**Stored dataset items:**
◆ ◆ ◆ ◆ ◆ ◆ ◆

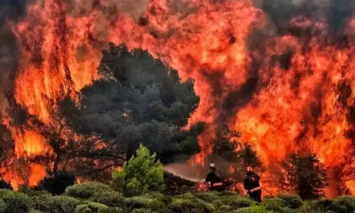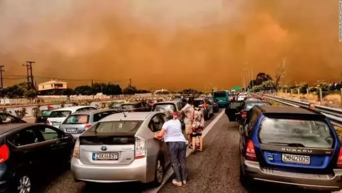 在希腊,野火烧起来完全不受控制,因为火势过猛,交通瘫痪,车辆堵塞。
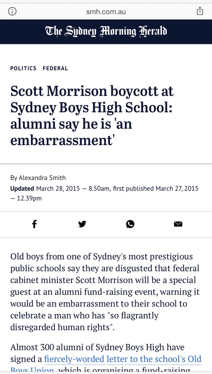 But did the alumni boycott Adam, like nearly 300 of the Alumni of Scott Morrison's school did?
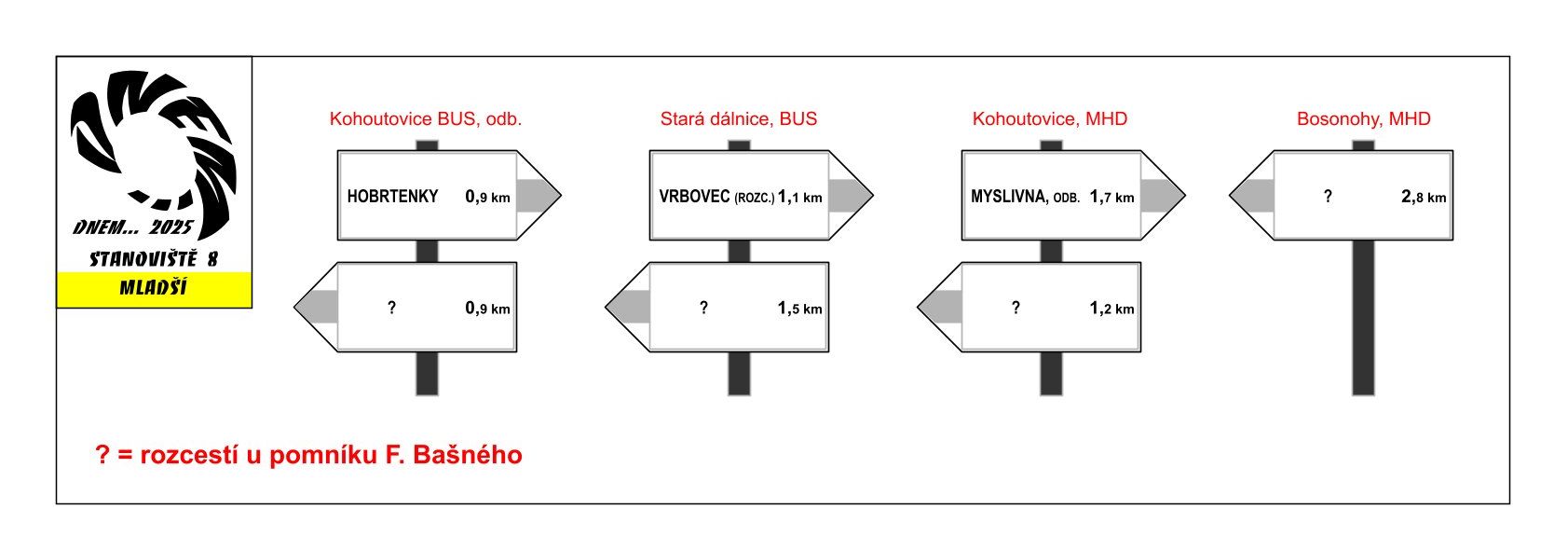 Rozcestníky odpovídají skutečným místům s rozcestníky na mapě, včetně vzdálenosti po značené cestě k jednomu ze sousedních jiných rozcestníků (vzdálenosti jsou na herní mapě také vyznačeny). Místo s otazníkem najdeme jako sousední rozcestník směrem na opačnou stranu s odpovídající vzdáleností. Všechna čtyři místa označena otazníkem odpovídají rozcestníku u památníku F. Bašného.
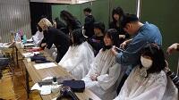 続いて,「モデルカット体験」です。児童6名と教員1名が、スタッフの方々に即興でカットしてもらいました。カット前は不安そうな子供たちが、20分後にはキラキラ輝いた表情で登場。皆から拍手喝采を浴び、貴重な体験となりました。
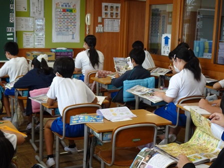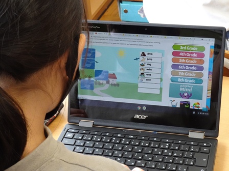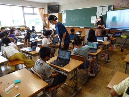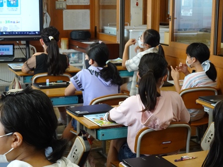4年生の授業から・・・1組さんは、英語の授業をPCを使って行っていました。
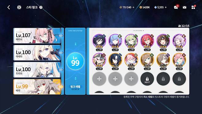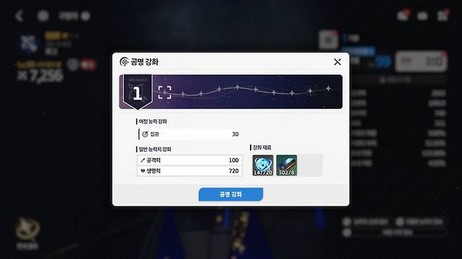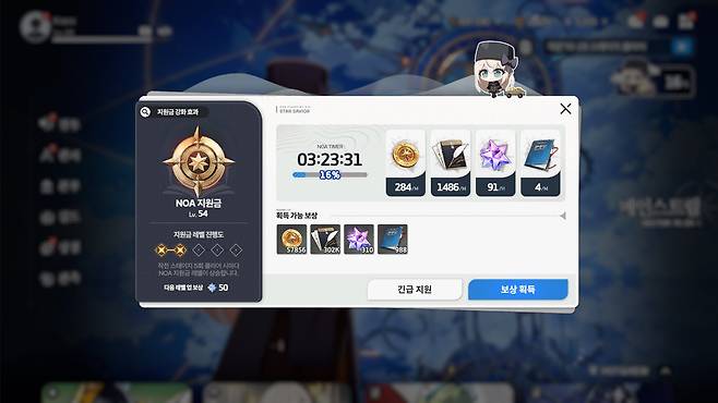 그렇지만 스타세이비어는 여기에 다른 장르의 요소까지 포함해 각종 브레이크로 걸어두는 바람에 그 모델의 장점을 확실히 못 살리고 있습니다. 일단 캐릭터 레벨업을 위한 재화는 대부분 방치형인 지원금 혹은 성간회랑이나 스테이지를 깰 때마다 얻을 수밖에 없는데, 그 양이 점점 늘어나서 레벨업이 멈추는 주차 구간이 발생하죠.
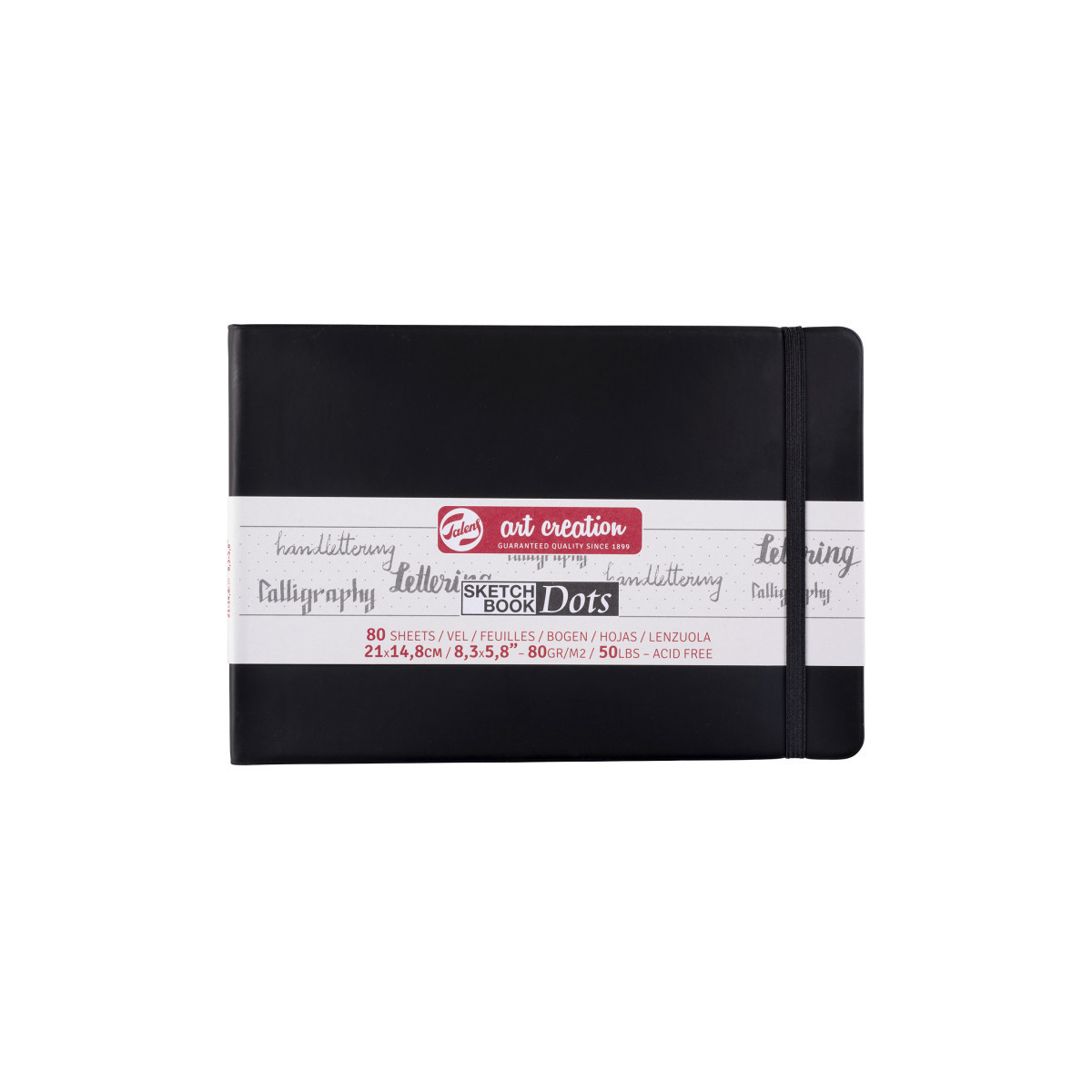 The dotted sheets of these sketchbooks are a wonderful compromise between blank and ruled or gridded sheets; they offer you a guide without taking attention away from what you create. With these evenly spaced dots, you can experience the insurance of lines and the freedom of a blank page in one sketchbook! Use these books for anything you want: taking notes, planning, drawing diagrams, mind maps, sketching, bullet journaling, lettering, calligraphy, you name it! They are suitable for pencil and ink and come in a variety of sizes. Talens Art Creation dotted sketchbooks contain 80 cream-colored, dotted sheets of 80 g/m², feature a soft, stylish black cover and include a ribbon bookmark and elastic closure band.
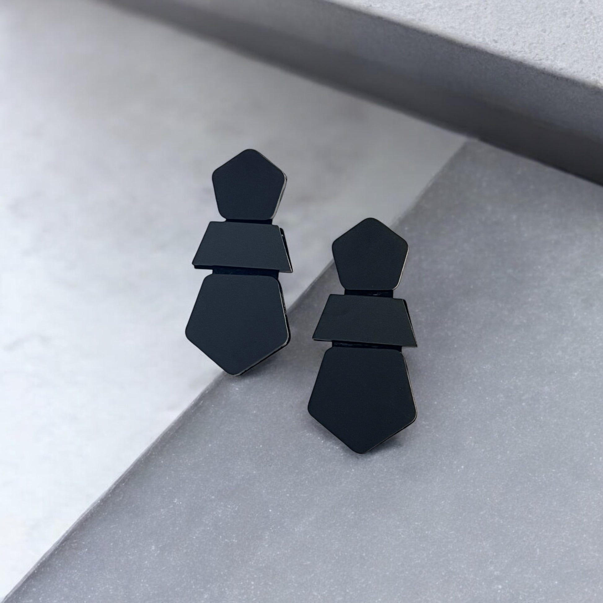 The Stacked Earrings are a stunning blend of elegance and versatility. Backed on leather, their geometric design is both lightweight and eye-catching, making them the perfect choice for casual outings or elevating your business attire. A timeless addition to any wardrobe.
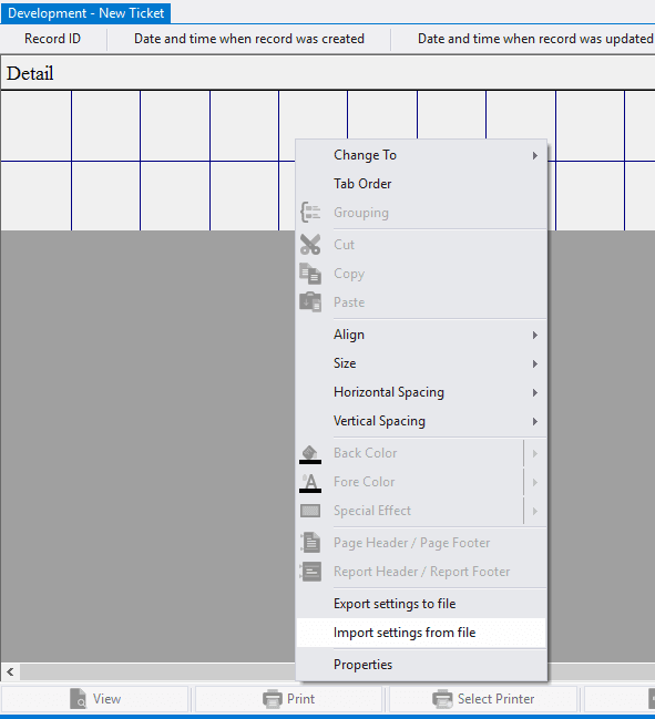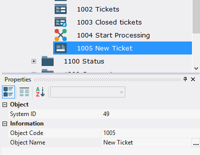 9.5.1.3. In the Properties window, in the Object Code field enter 1005, in the Object Name field enter New Ticket;

◆ ◆ ◆ ◆ ◆ ◆ ◆

**Task requirements:** Output the data exactly, pictures omitted.

**Answer to this task:**
 在希腊,野火烧起来完全不受控制,因为火势过猛,交通瘫痪,车辆堵塞。
 But did the alumni boycott Adam, like nearly 300 of the Alumni of Scott Morrison's school did?
 Rozcestníky odpovídají skutečným místům s rozcestníky na mapě, včetně vzdálenosti po značené cestě k jednomu ze sousedních jiných rozcestníků (vzdálenosti jsou na herní mapě také vyznačeny). Místo s otazníkem najdeme jako sousední rozcestník směrem na opačnou stranu s odpovídající vzdáleností. Všechna čtyři místa označena otazníkem odpovídají rozcestníku u památníku F. Bašného.
 続いて,「モデルカット体験」です。児童6名と教員1名が、スタッフの方々に即興でカットしてもらいました。カット前は不安そうな子供たちが、20分後にはキラキラ輝いた表情で登場。皆から拍手喝采を浴び、貴重な体験となりました。
4年生の授業から・・・1組さんは、英語の授業をPCを使って行っていました。
 그렇지만 스타세이비어는 여기에 다른 장르의 요소까지 포함해 각종 브레이크로 걸어두는 바람에 그 모델의 장점을 확실히 못 살리고 있습니다. 일단 캐릭터 레벨업을 위한 재화는 대부분 방치형인 지원금 혹은 성간회랑이나 스테이지를 깰 때마다 얻을 수밖에 없는데, 그 양이 점점 늘어나서 레벨업이 멈추는 주차 구간이 발생하죠.
 The dotted sheets of these sketchbooks are a wonderful compromise between blank and ruled or gridded sheets; they offer you a guide without taking attention away from what you create. With these evenly spaced dots, you can experience the insurance of lines and the freedom of a blank page in one sketchbook! Use these books for anything you want: taking notes, planning, drawing diagrams, mind maps, sketching, bullet journaling, lettering, calligraphy, you name it! They are suitable for pencil and ink and come in a variety of sizes. Talens Art Creation dotted sketchbooks contain 80 cream-colored, dotted sheets of 80 g/m², feature a soft, stylish black cover and include a ribbon bookmark and elastic closure band.
 The Stacked Earrings are a stunning blend of elegance and versatility. Backed on leather, their geometric design is both lightweight and eye-catching, making them the perfect choice for casual outings or elevating your business attire. A timeless addition to any wardrobe.
 9.5.1.3. In the Properties window, in the Object Code field enter 1005, in the Object Name field enter New Ticket;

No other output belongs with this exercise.